> **INFORMATION SUPPLIED**:
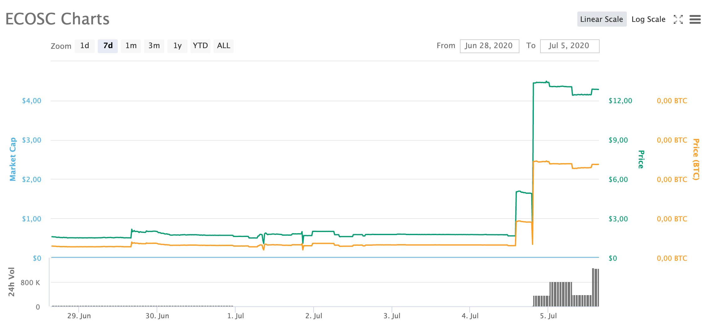 ECOSC (ECU) занимает далекое 2127 место в рейтинге CoinMarketCap. Его текущая рыночная капитализация остается под вопросом, а среднесуточный объем торговли $1.2 млн. Малоизвестная монета стремительно взмыла вверх буквально за считанные часы. Еще в субботу 4 июля она продавалась по $1.66, но сегодня она стоит уже $12.85. За сутки ECU подорожал почти на 170%, а в недельном соотношении рост превысил 700%. Токен зарегистрирован на криптовалютной бирже Coinsbit, через которую идет почти 100% объема торговли через пары с USDT и BTC.
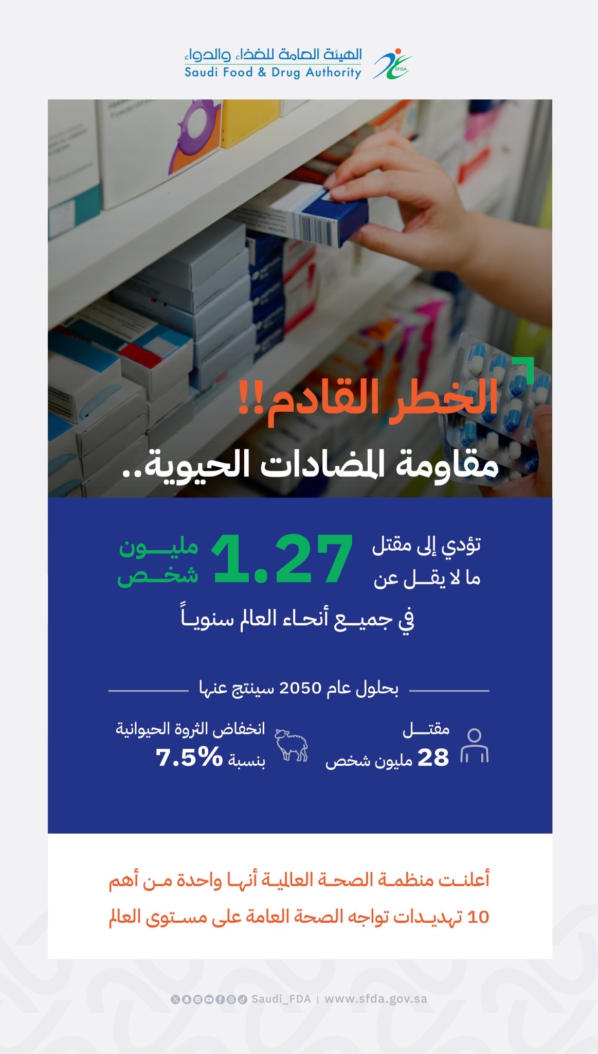 كشفت هيئة الغذاء والدواء أن مقاومة المضادات الحيوية تشكل خطرًا جسيمًا على صحة البشر حول العالم، حيث تؤدي إلى قتل مالا يقل عن 1,27 مليون شخص سنوياً.
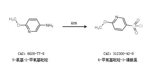 1.通过5-氨基-2-甲氧基吡啶合成6-甲氧基吡啶-3-磺酰氯,收率约60%;
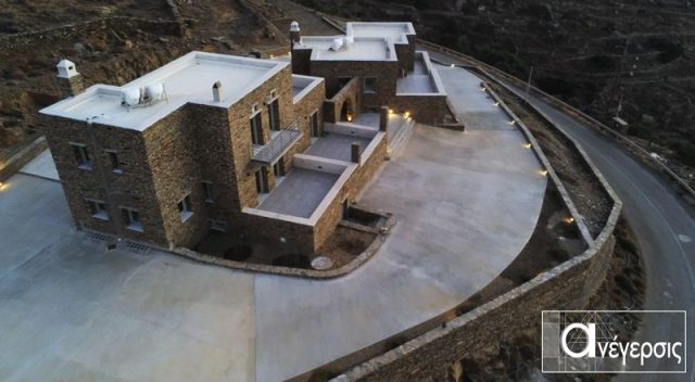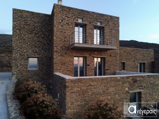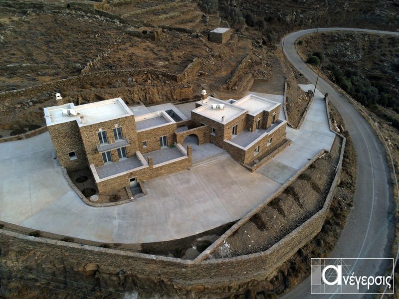 Δύο πέτρινες κατοικίες σχεδιάστηκαν με σκοπό να αφομοιωθούν από το χειροποίητο τηνιακό τοπίο και, όντως, έγιναν ένα με τη φύση της Έξω Μεριάς.

> **AIM OF THE EXERCISE**: In full and without any pictures, print the listing above exactly.

> **TASK RESULT**:
 ECOSC (ECU) занимает далекое 2127 место в рейтинге CoinMarketCap. Его текущая рыночная капитализация остается под вопросом, а среднесуточный объем торговли $1.2 млн. Малоизвестная монета стремительно взмыла вверх буквально за считанные часы. Еще в субботу 4 июля она продавалась по $1.66, но сегодня она стоит уже $12.85. За сутки ECU подорожал почти на 170%, а в недельном соотношении рост превысил 700%. Токен зарегистрирован на криптовалютной бирже Coinsbit, через которую идет почти 100% объема торговли через пары с USDT и BTC.
 كشفت هيئة الغذاء والدواء أن مقاومة المضادات الحيوية تشكل خطرًا جسيمًا على صحة البشر حول العالم، حيث تؤدي إلى قتل مالا يقل عن 1,27 مليون شخص سنوياً.
 1.通过5-氨基-2-甲氧基吡啶合成6-甲氧基吡啶-3-磺酰氯,收率约60%;
 Δύο πέτρινες κατοικίες σχεδιάστηκαν με σκοπό να αφομοιωθούν από το χειροποίητο τηνιακό τοπίο και, όντως, έγιναν ένα με τη φύση της Έξω Μεριάς.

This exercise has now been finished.